We laugh about our roads in Africa. We swap stories about near misses and narrow escapes. We rubberneck at accident sites. Our newspapers record body counts and show uncensored pictures of mashed bodywork and mangled body parts.
And while we live with this as part of daily life, our more active Governments press ahead with ever more ambitious plans to upgrade our infrastructure. Good for them, and good for us too in the long term.
The transition can be somewhat terrifying however. Outside Nairobi we have highways being constructed that would put California to shame, but while they are being constructed you would scarcely believe the mayhem. Eight lanes shrink to one in a 500m stretch.
No road markings and signs in Chinese English add to the sport. Then Kenyans need only the slightest blockage to provoke a mass crossing of carriageways, a zigzagging up verges, and a pointing of bonnets in every direction you can imagine. Grand Theft Auto has nothing on this.
But the fact is that roads kill more Africans than anything else on this Continent.
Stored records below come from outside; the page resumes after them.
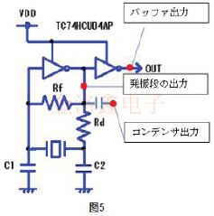 設計振蕩器電路時,有必要認識到各個組件的作用.因此,表1中以振蕩電路(圖1)為例,以通用C-MOSIC(東芝74HCU04AP)為例說明了每個電路的作用.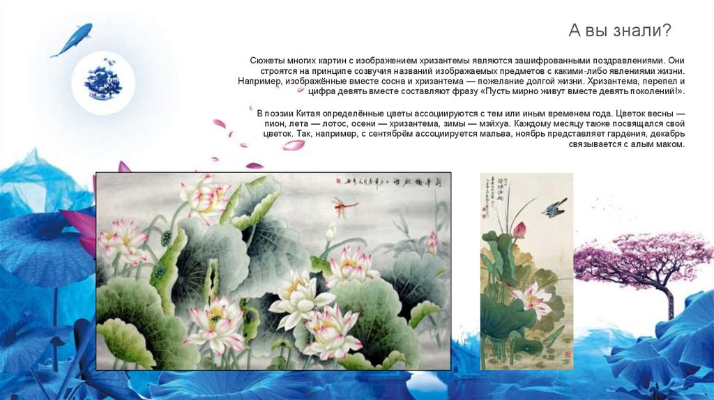 А вы знали?Сюжеты многих картин с изображением хризантемы являются зашифрованными поздравлениями. Они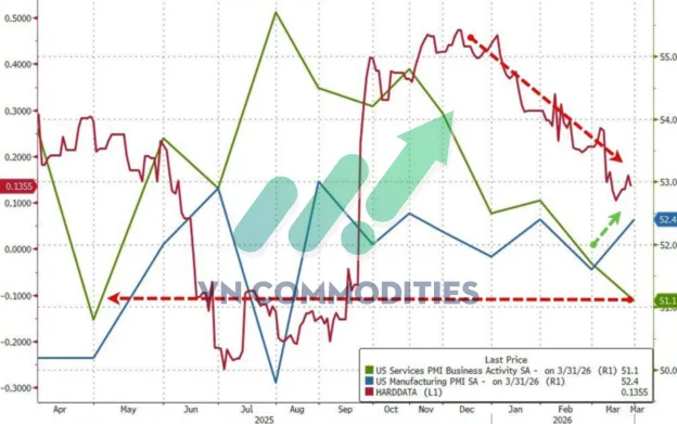 Dữ liệu sơ bộ công bố trong tháng 3 cho thấy chỉ số PMI tổng hợp của Mỹ do S&P Global khảo sát giảm xuống còn 51.4 điểm, thấp nhất trong 11 tháng, phản ánh đà tăng trưởng chung của khu vực tư nhân đang yếu đi.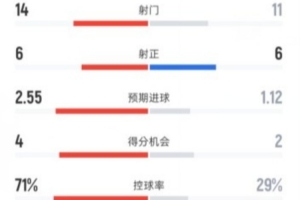 下一篇: 切尔西3-2西汉姆联全场数据:射门14-11,射正6-6,控球率71%-29%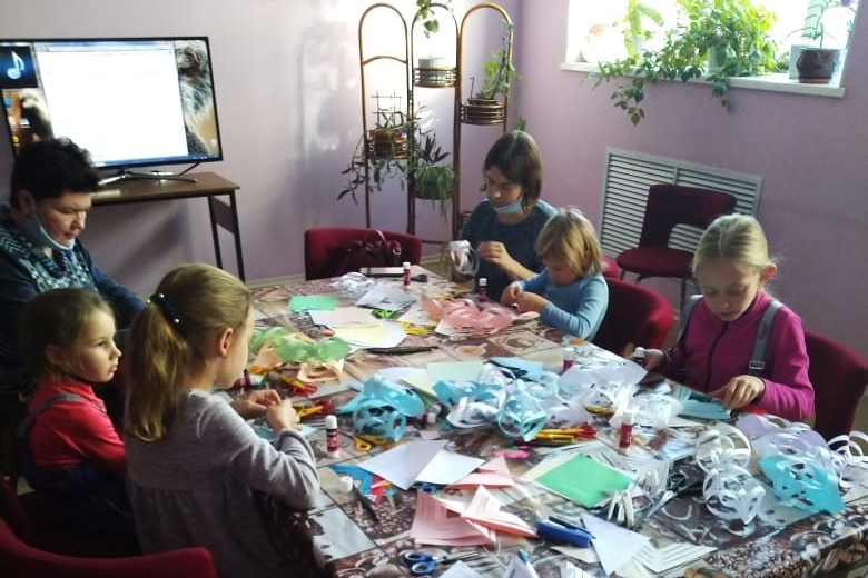 В творческой части занятия для изготовления были предложены 2 вида объемных снежинок. Самую простую из них – снежинку-цветок — выполнили все, но особенно она понравилась ребятам помладше, они сделали для украшения библиотеки еще по одной такой снежинке.

More than Malaria; more than AIDS. From the quietly disciplined tarmac of Rwandan highways to the gridlock that is greater Lagos, the body count is mounting.
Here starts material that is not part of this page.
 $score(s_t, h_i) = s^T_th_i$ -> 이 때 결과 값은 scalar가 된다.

So while this continues, and while our leaders plan multi-lane elevated highways (wait for the accidents on those), I think there is an opportunity for brands to help out.
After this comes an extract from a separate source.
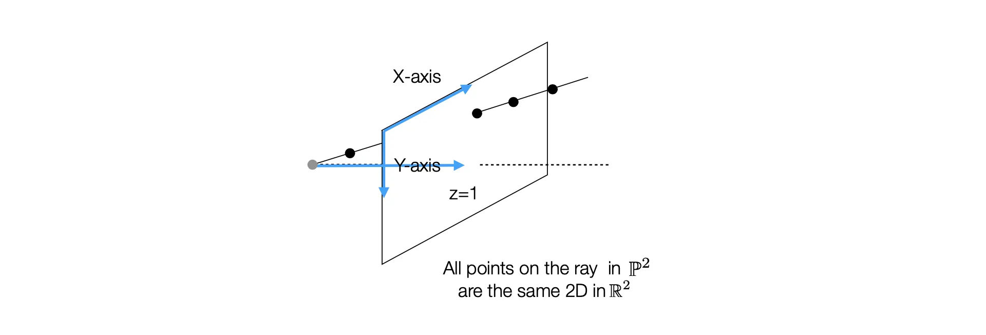 재미있게도, 의 각 항에 를 곱해도 식을 만족하며 (선 위에 있으며), 이는 Homogeneous Coordinate 에서도 비슷하게 보았던 특징임. 당연하게도, 3차원 상의 직선 위의 점들은 2차원 Plane 에 project 시켰을 때 동일한 점으로 간다는 사실을 수식으로도 확인할 수 있는 부분임.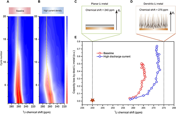 (C,D)不同锂金属形貌的7Li化学位移:平面锂金属和枝晶状锂金属;

First of all, brands are great communicators. And the people who build brands consider their target audiences (in this case groups most at risk on the road) look for insights (attitudes to road use, vehicle serviceability, actually qualifying for a driving licence) and develop clear messaging.
They then look for professional advice on how to communicate those messages with impact. Pardon the pun.
People who authorise and participate in road building programmes are, by contrast, weak communicators. At the top level they are the kind of people who say; ‘ Ghanaians should be aware of the prevailing risk of road accidents.’
At the middle level they put up signs that say: ‘No left turn where it used to be.’ And at the operational level they wave coloured flags at the competing torrents of traffic and then run away when an accident happens.
Secondly, brands and marketer are all about results. They define an objective; break it down into manageable activities, and relevant find ways to measure the impact of those activities.
A marketer would be unlikely to set as his target the percentage of ECOWAS delegates who truly believe that concrete actions have been put in place to moderate the affliction of road mortality.
He would instead perhaps aim to reduce pedestrian deaths on the Mombasa to Kampala corridor by 30% over 3 years.
Thirdly, brands in Africa need to demonstrate a genuine involvement that betters the lives of their consumers. Particularly the brands arriving in haste - from China and Brazil, France and America.
So, which brands should? Well, obvious candidates are the motor vehicle, insurance and petroleum companies. I’m aware of Yamaha developing motorcycle skills programmes in Kenya, and Total Petroleum making a long-term commitment to safety on Africa’s road transport corridors.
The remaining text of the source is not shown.